The above 11.7 scholarships (along with the D-2 number of 9 and NAIA number of 12) are only given IF a team is fully-funded. The problem with many of the smaller schools, especially many schools outside of the major BCS football conference, is that they do not have a lot of money. If the athletic department does not have the money, they cannot give the teams the full amount of their allotted scholarships. This means that some D1 schools may only have 4 scholarships (some have more and some have less) available to give out instead of the 11.7.
So now that we have discussed the numbers each program gets, what is a “good” scholarship offer for you or your son? First and foremost, you have to understand a ‘Full-Ride” scholarship in baseball is VERY rare. Any time a friend tells you he’s been offered a “Full” scholarship, he is most likely a) lying to you b) an academic wiz who is getting a ton of academic money or c) a first round talent who probably isn’t going to school anyway.
Most times, the amount of money you get is determined based on what position you play. Pitchers will get the most money followed by Catchers/Shortstops, Centerfielders, and then guys who can really hit but are corner guys.

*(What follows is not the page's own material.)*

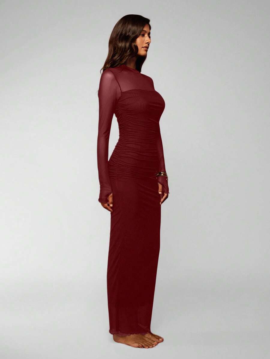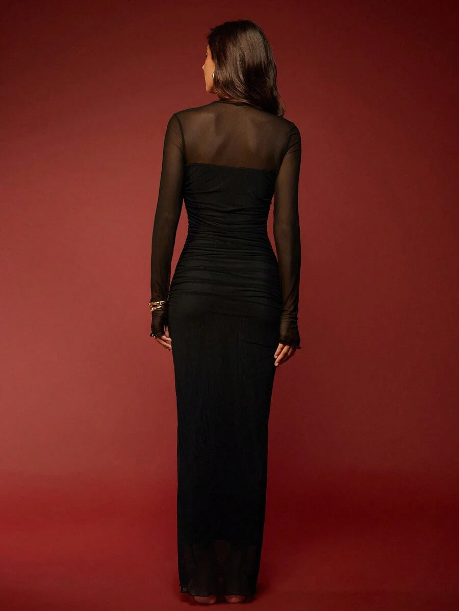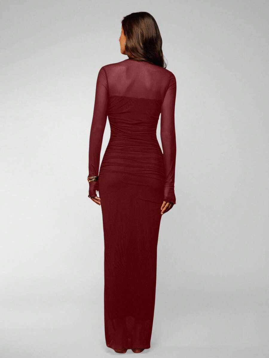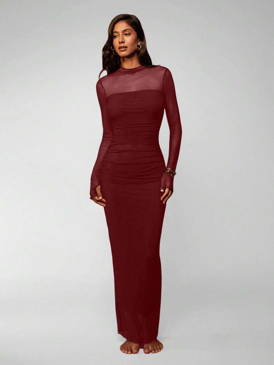 Opulessa Ženska Casual Sxy Mrežasta Patchwork Sirena Stil 1pc Odmor Duga Rukava Pletena Prozirna Haljina, Pogodna za Izlaske, Koncerte, Zabave, Klubove, Za Jesen i Zimu

If you get offered 25%, know that the school is VERY interested in you. If you are offered 50-60%, that is considered a great offer and usually goes to the Pitchers/Catchers/Shortstops. Most other players will get in the 25-40% range.
The low amount of money available for baseball is why your ACADEMICS are so important!
If you do well in school, the baseball programs can put a package together with both baseball and academic money in order to get you as much money as possible. If you do poorly in school, it is only costing you and your parents more money in the long run! Have a goal to get in the 3.8-4.0 range. Study for your ACT and SAT because good scores on those usually will land you more scholarship money.
As you go through middle school and high school, treat both your baseball and academics as your JOB. If you make them your job and work as hard as possible at both, you can land a scholarship of well over 6 figures throughout your 4+ years of college….I don’t think you could earn that much working part-time at McDonald’s!